Sometimes, however, they get it right. Max’s insane boss, who promoted a cat to a vice president of the company, earns a few laughs, as do the corrupt policemen and the cameo from engineer-turned-prostitute Catalina. But these moments aren’t common, and they, too, could use attention from a professional writer who could flesh things out and tie it all better together.

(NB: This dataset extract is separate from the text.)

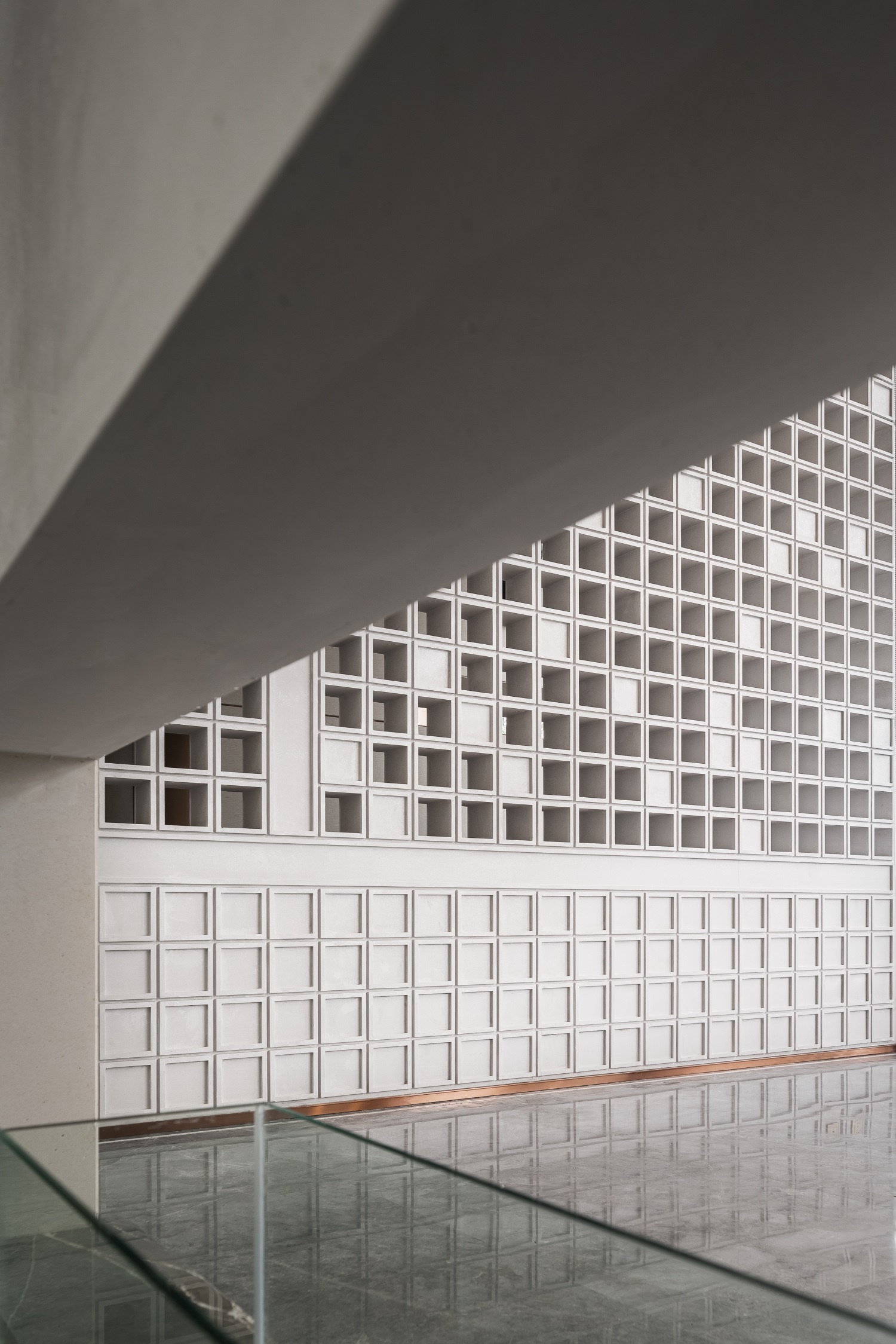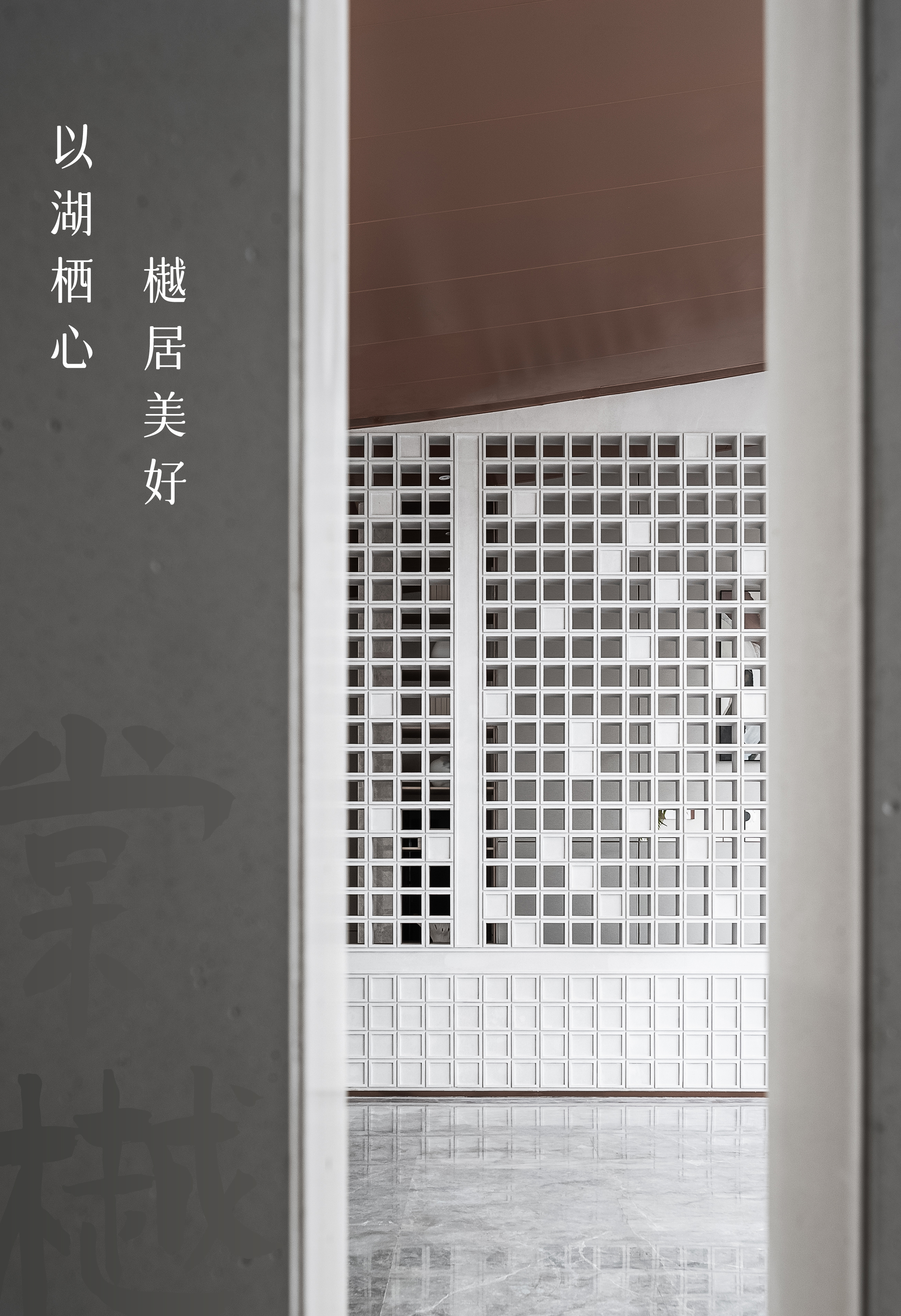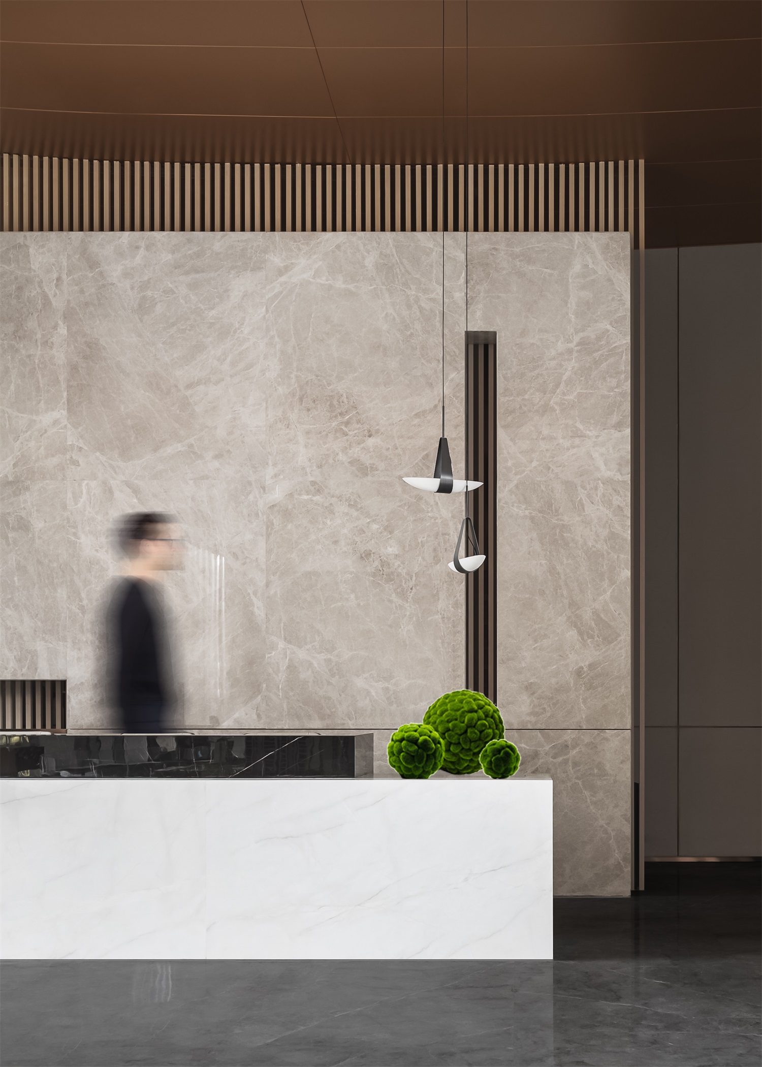 前厅区域是空间气韵的起点,设计将现代中式的建筑立面风格衍生进室内,形成典雅的场域精神。艺术隔断错落有序,让空间借景话室,漏而可望。

Comic relief comes from unexpected sources.

Quality Presentation

Beyond the uneven writing and illogical puzzles, The Great Fusion actually offers a very competent experience. The hand-drawn characters and backgrounds look fantastic, with personality oozing out of every object and just the right balance between detail and simplicity keeping the visuals from seeming too busy on a phone screen.

Great visuals.
There are loads of short comic-book-style cut scenes spread throughout the adventure, which fill in the gaps in the plot (to some extent) and tease out more of Max and his mate’s personalities. It’s here that you can see the ridiculous leaps of logic behind the synopsis, too. It’s best not to play The Great Fusion with a critical mind — if you let it take you for a ride, you’ll enjoy it far more.
None of the characters are voiced; dialogue is delivered in speech bubbles. You don’t have to adventure in silence, though, as there’s a light-hearted, upbeat soundtrack behind every scene.
You move around by tapping on the screen. If there’s an interactive object nearby, a small blue circle briefly appears over it. Tapping on interactive objects brings up anywhere from one to three icons that correspond to the classic verbs look, take, and use. Your inventory, meanwhile, lives in an expandable drawer just off the left of the screen.

Expect most of these inventory slots to be filled toward the end of the game.

Disappointing

It’s a huge shame that a mechanically-competent adventure title is so stilted by poor writing, illogical puzzle design, and a terrible translation. The Great Fusion isn’t a bad game, but it’s mediocre on so many levels that you don’t have much motivation to push through for the few shining lights.
If you’re desperate for an old-school adventure, give it a try. But you’d be better off installingScummVM and replaying the classics, or picking up the Android port of the excellent Broken Sword.